AtaraxyAdong · Answer 2 · Wed Feb 15 2023 19:22:10 GMT+0800 (China Standard Time)

Hello. I have a similar problem when training on a single machine with a single card,
but when I run torchrun --nproc_per_node=1 tools/train_amp.py --config configs/bisenetv2_city.py, it reports an error of failed to create process..
I've searched for a solution, but it didn't work. I would like to ask if there is any solution to this problem.

AD122583SD · Answer 3 · Thu Feb 16 2023 08:37:10 GMT+0800 (China Standard Time)

Thank you very much for your guidance and help. I haven't been able to solve this problem yet. I will continue to pay attention to this problem and try to solve it 趋离i ***@***.***  

…

------------------ 原始邮件 ------------------ 发件人: "CoinCheung/BiSeNet" ***@***.***>; 发送时间: 2023年2月15日(星期三) 晚上7:22 ***@***.***>; ***@***.******@***.***>; 主题: Re: [CoinCheung/BiSeNet] 单卡单机训练时出现报错 (Issue #290) Hello. I have a similar problem when training on a single machine with a single card, but when I run torchrun --nproc_per_node=1 tools/train_amp.py --config configs/bisenetv2_city.py, it reports an error of failed to create process.. I've searched for a solution, but it didn't work. I would like to ask if there is any solution to this problem. — Reply to this email directly, view it on GitHub, or unsubscribe. You are receiving this because you authored the thread.Message ID: ***@***.***>

CoinCheung · Answer 4 · Thu Feb 16 2023 19:05:19 GMT+0800 (China Standard Time)

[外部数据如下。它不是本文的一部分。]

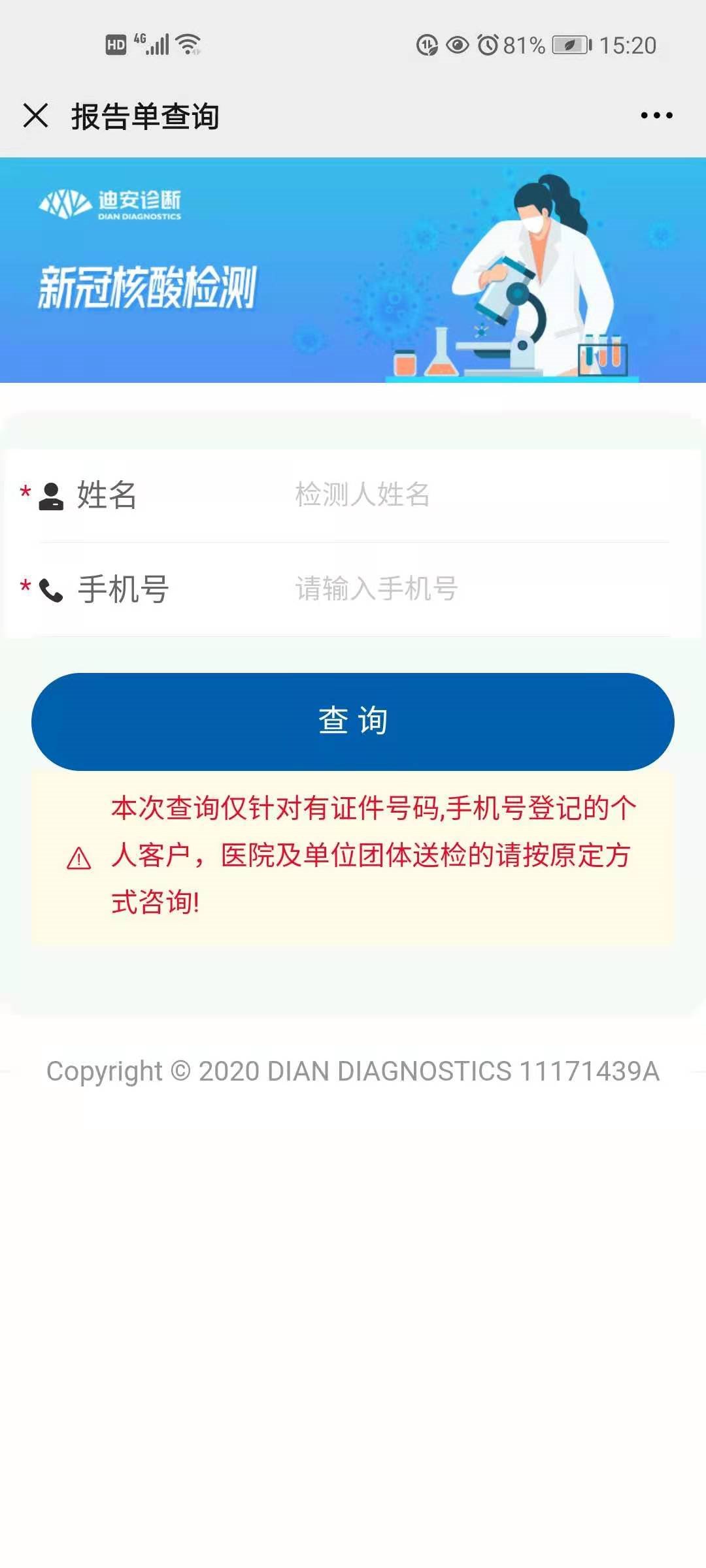 4.報告時限:公眾原則上為2個工作日出報告,可通過關(guān)注“迪安助手”查詢檢測結(jié)果,并自行下載打印檢驗報告。

@AtaraxyAdong @AD122583SD What is your platform like please? How did you launch training ? What is the error message like?

Please add CUDA_VISIBLE_DEVICES=0 if your machine has more than one gpus.

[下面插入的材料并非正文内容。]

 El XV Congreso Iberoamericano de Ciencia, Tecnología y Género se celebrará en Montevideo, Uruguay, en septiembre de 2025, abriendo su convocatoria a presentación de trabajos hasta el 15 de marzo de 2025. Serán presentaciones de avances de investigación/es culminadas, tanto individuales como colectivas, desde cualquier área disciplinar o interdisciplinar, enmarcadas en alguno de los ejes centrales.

AtaraxyAdong · Answer 5 · Fri Feb 17 2023 13:03:34 GMT+0800 (China Standard Time)

@CoinCheung Thanks for your advice, I solved this problem.
The error message was only failed to create process. Later, I realized that the video memory of my machine was too small. After I changed to a machine with a larger video memory, it could run normally.

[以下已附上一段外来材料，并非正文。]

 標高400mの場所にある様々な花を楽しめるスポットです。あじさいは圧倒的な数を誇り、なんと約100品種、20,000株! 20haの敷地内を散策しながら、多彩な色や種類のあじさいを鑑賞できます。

anizyu · Answer 6 · Mon May 15 2023 10:44:05 GMT+0800 (China Standard Time)

单卡单机训练时
export CUDA_VISIBLE_DEVICES=0
torchrun --nproc_per_node=1 tools/train_amp.py --config configs/bisenetv2_city.py
出现报错
Traceback (most recent call last):
File "tools/train_amp.py", line 268, in
main()
File "tools/train_amp.py", line 264, in main
train()
File "tools/train_amp.py", line 193, in train
optim = set_optimizer(net)
File "tools/train_amp.py", line 70, in set_optimizer
wd_params, nowd_params, lr_mul_wd_params, lr_mul_nowd_params = model.get_params(),
ValueError: not enough values to unpack (expected 4, got 1)
ERROR:torch.distributed.elastic.multiprocessing.api:failed (exitcode: 1) local_rank: 0 (pid: 6160) of binary: /home/zy/miniconda3/envs/bise/bin/python
Traceback (most recent call last):
File "/home/zy/miniconda3/envs/bise/bin/torchrun", line 8, in
sys.exit(main())
File "/home/zy/miniconda3/envs/bise/lib/python3.8/site-packages/torch/distributed/elastic/multiprocessing/errors/init.py", line 345, in wrapper
return f(*args, kwargs)
File "/home/zy/miniconda3/envs/bise/lib/python3.8/site-packages/torch/distributed/run.py", line 724, in main
run(args)
File "/home/zy/miniconda3/envs/bise/lib/python3.8/site-packages/torch/distributed/run.py", line 715, in run
elastic_launch(
File "/home/zy/miniconda3/envs/bise/lib/python3.8/site-packages/torch/distributed/launcher/api.py", line 131, in call**
return launch_agent(self._config, self._entrypoint, list(args))
File "/home/zy/miniconda3/envs/bise/lib/python3.8/site-packages/torch/distributed/launcher/api.py", line 245, in launch_agent
raise ChildFailedError(
torch.distributed.elastic.multiprocessing.errors.ChildFailedError:

tools/train_amp.py FAILED

Failures:
<NO_OTHER_FAILURES>

Root Cause (first observed failure):
[0]:
time : 2023-05-15_10:31:29
host : com
rank : 0 (local_rank: 0)
exitcode : 1 (pid: 6160)
error_file: <N/A>
traceback : To enable traceback see: https://pytorch.org/docs/stable/elastic/errors.html

请问有什么办法解决吗?

CoinCheung · Answer 7 · Thu Jun 08 2023 14:58:15 GMT+0800 (China Standard Time)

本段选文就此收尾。